Le 4 décembre 2024, un crime spectaculaire secoue l’Amérique : Brian Thompson, PDG de United Healthcare, la plus grande compagnie d’assurance maladie du pays, est assassiné en pleine rue à Manhattan. En quelques heures, l’affaire devient virale. Le lendemain, les autorités diffusent un avis de recherche avec le visage du suspect principal : Luigi Mangione. Mais alors que la police le traque, un phénomène inattendu se produit sur les réseaux sociaux. Loin d’être unanimement condamné, Mangione est rapidement érigé en héros populaire, une figure de justice brute dans un monde gangrené par les inégalités.
Un assassinat qui devient un symbole
Les caméras de surveillance ont capté une scène saisissante : en plein cœur de New York, un homme s’approche de Brian Thompson et, sans hésitation, l’abat avant de disparaître dans la foule. L’image du suspect, Luigi Mangione, est aussitôt relayée par les médias et les forces de l’ordre. Mais sur les réseaux sociaux, c’est un tout autre récit qui prend forme.
En quelques heures, #JusticePourLuigi et #RobinDesBoisModerne deviennent des tendances sur X (anciennement Twitter). Pour certains internautes, Mangione n’est pas un simple criminel, mais un vengeur anonyme qui aurait frappé un symbole du capitalisme débridé. Le PDG assassiné était en effet une figure controversée, accusée par ses détracteurs d’avoir bâti sa fortune sur un système de santé inaccessible aux plus pauvres.

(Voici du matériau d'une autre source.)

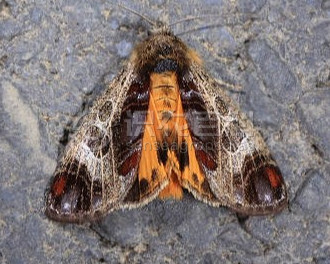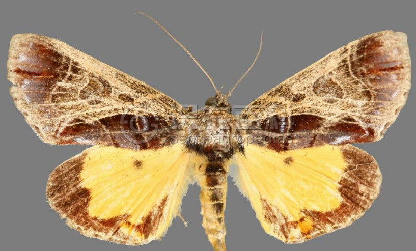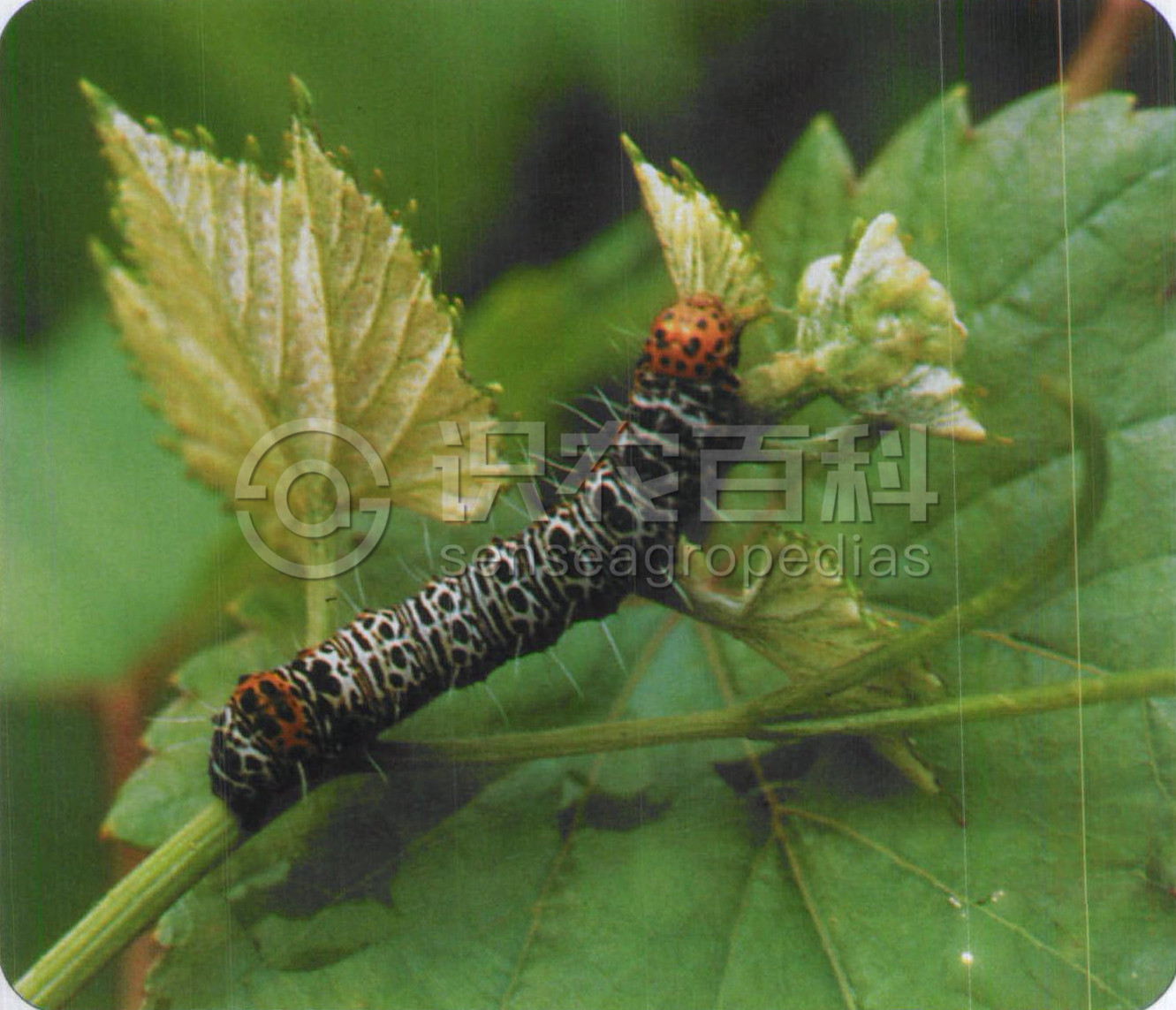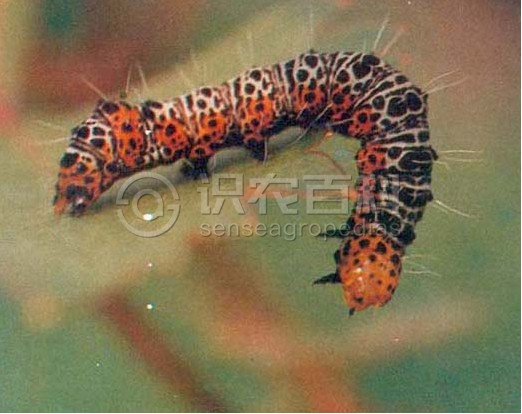 (2)幼虫:前端较细后端较粗,第8腹节稍有隆起。头部橘黄色,有黑色毛片形成的黑斑,体黄色,散生不规则的褐斑,毛突褐色。

Un “bandit social” des temps modernes
Ce phénomène d’admiration pour un criminel n’est pas nouveau. Comme l’explique l’anthropologue David Picherit, Mangione correspond au concept de « bandit social », un hors-la-loi qui, aux yeux d’une partie de la population, incarne une forme de justice alternative. De Robin des Bois à Jesse James, en passant par les figures contemporaines de hackers militants ou d’activistes radicaux, l’histoire regorge d’individus ayant acquis une aura de justicier malgré (ou grâce à) leurs actes illégaux.

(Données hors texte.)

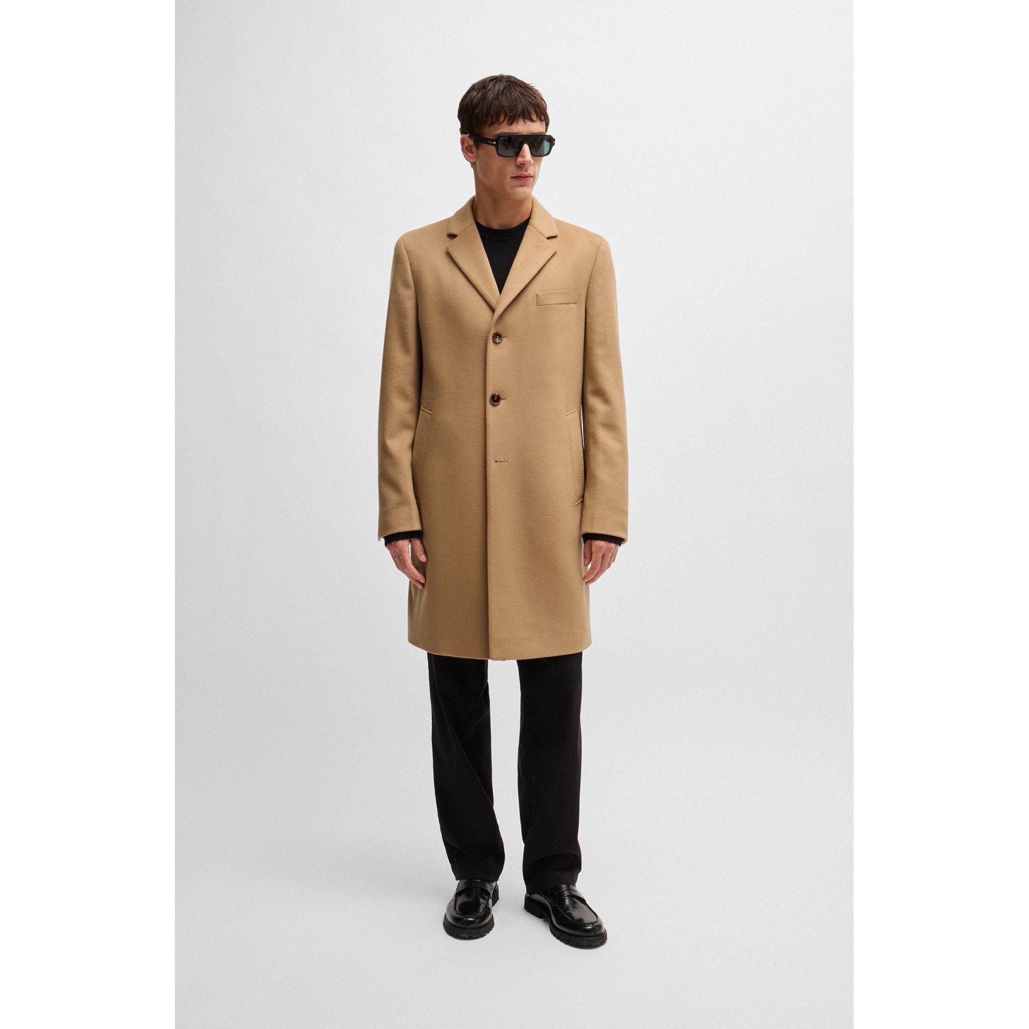 Questo cappotto BOSS è realizzato in misto lana vergine con una pregiata percentuale di cashmere ed è dal taglio slim. Questo modello elegante, foderato, è ideale per occasioni formali.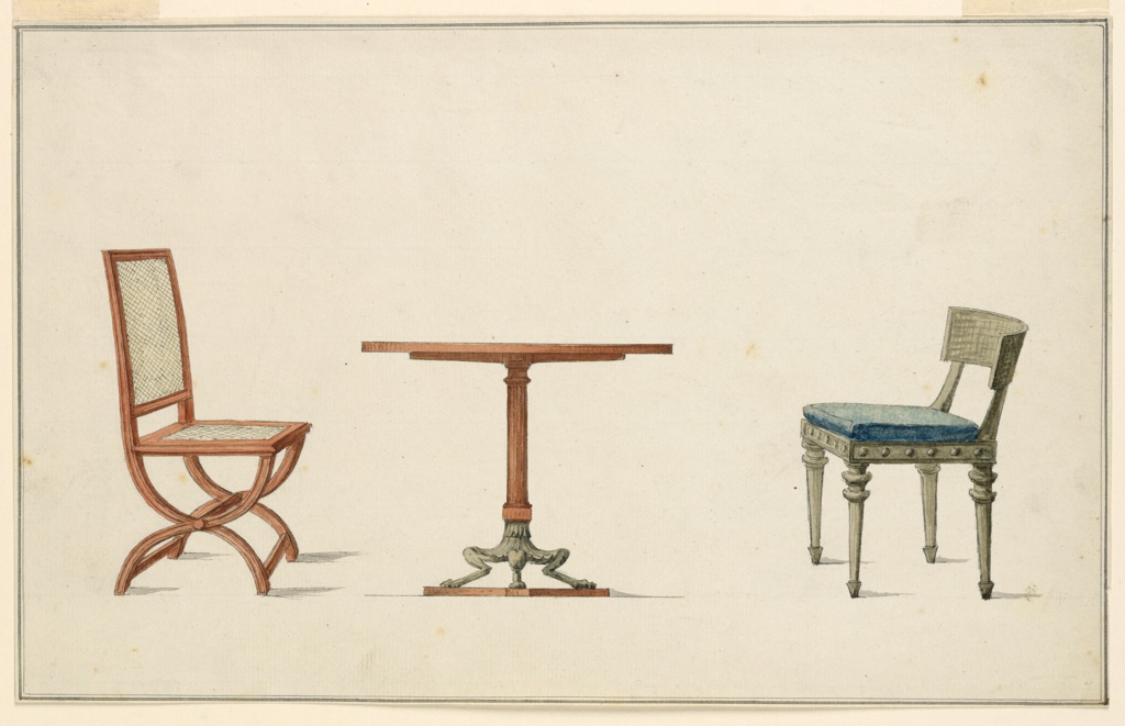 Drawing, Two Chairs and a Table; Designed by Jean Démosthène Dugourc (French, 1749–1825); Attributed to Georges Jacob (French, 1739–1814), Henri Jacob (1753–1824); Attributions: Richard de Lalonde (French, active 1780–96); France; brush and watercolor, pen and black ink, graphite on white laid paper; 21.4 x 34 cm (8 7/16 x 13 3/8 in.); Purchased for the Museum by the Advisory Council; 1921-6-137-2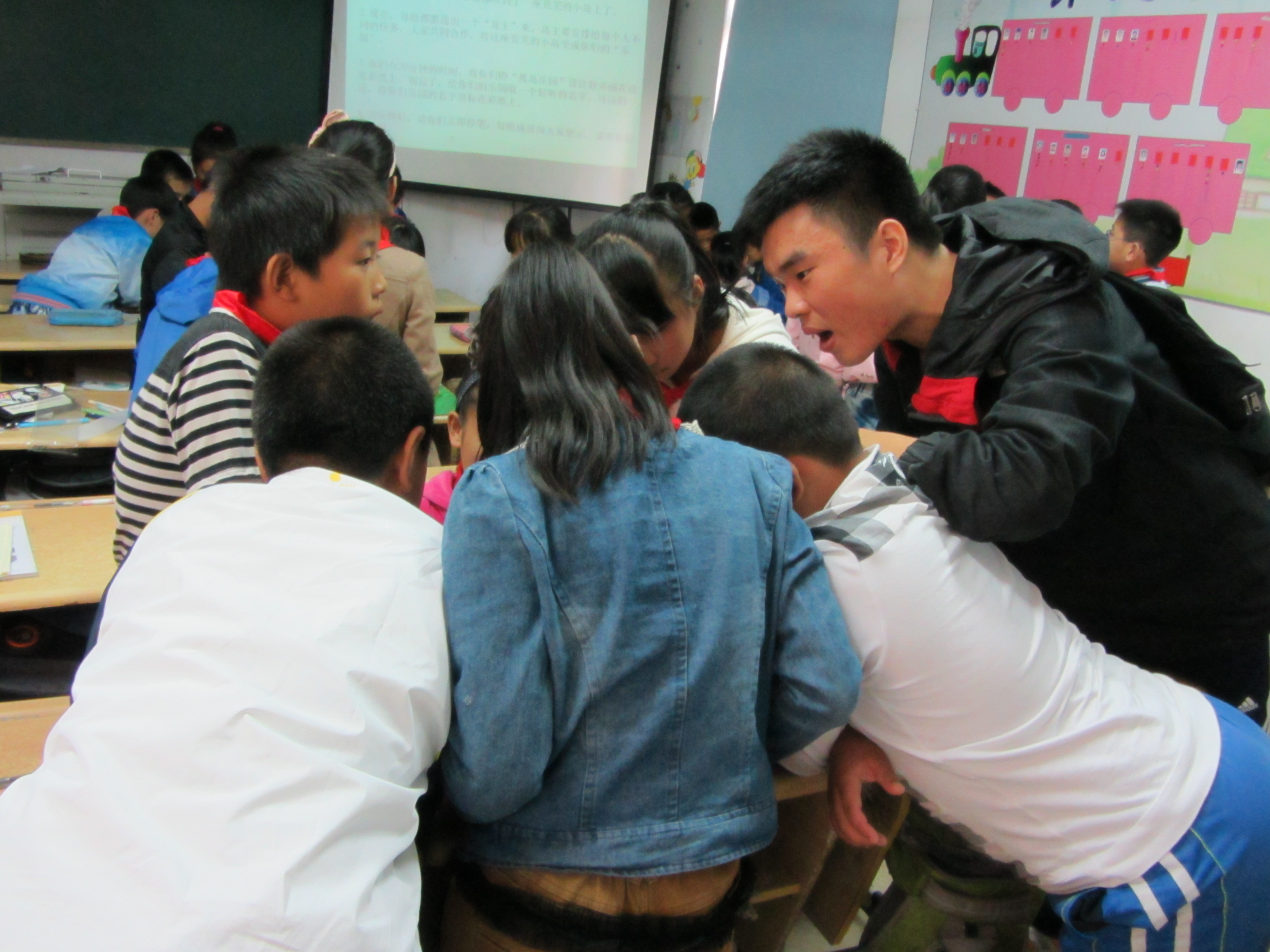 的周到安排下,每个班级的小学生对团体辅导游戏有浓厚的兴趣,积极踊跃参与,团辅活动顺利地开展。最后,我们在《相亲相爱一家人》的歌声中结束了此次的活动。

David Gilbert, journaliste spécialiste de l’extrémisme en ligne pour « Wired », analyse cet engouement comme un symptôme du malaise social grandissant. « Dans une société où les inégalités explosent et où les élites semblent intouchables, un acte de violence ciblé peut être perçu, à tort ou à raison, comme une forme de représailles populaires. »
Une fascination inquiétante ou une révolte légitime ?
Ce soutien massif soulève des questions profondes. Pourquoi un assassin devient-il une icône sur internet ? S’agit-il d’une perte de confiance dans les institutions ? D’un rejet du système capitaliste perçu comme oppressif ? Ou d’une simple fascination morbide pour les figures anti-héroïques ?
Alors que la chasse à l’homme pour retrouver Mangione se poursuit, les débats font rage. Certains dénoncent une apologie de la violence, tandis que d’autres voient en lui le symbole d’un ras-le-bol généralisé. Une chose est sûre : l’affaire Luigi Mangione ne fait que commencer, et elle risque de marquer l’histoire criminelle et médiatique des années à venir.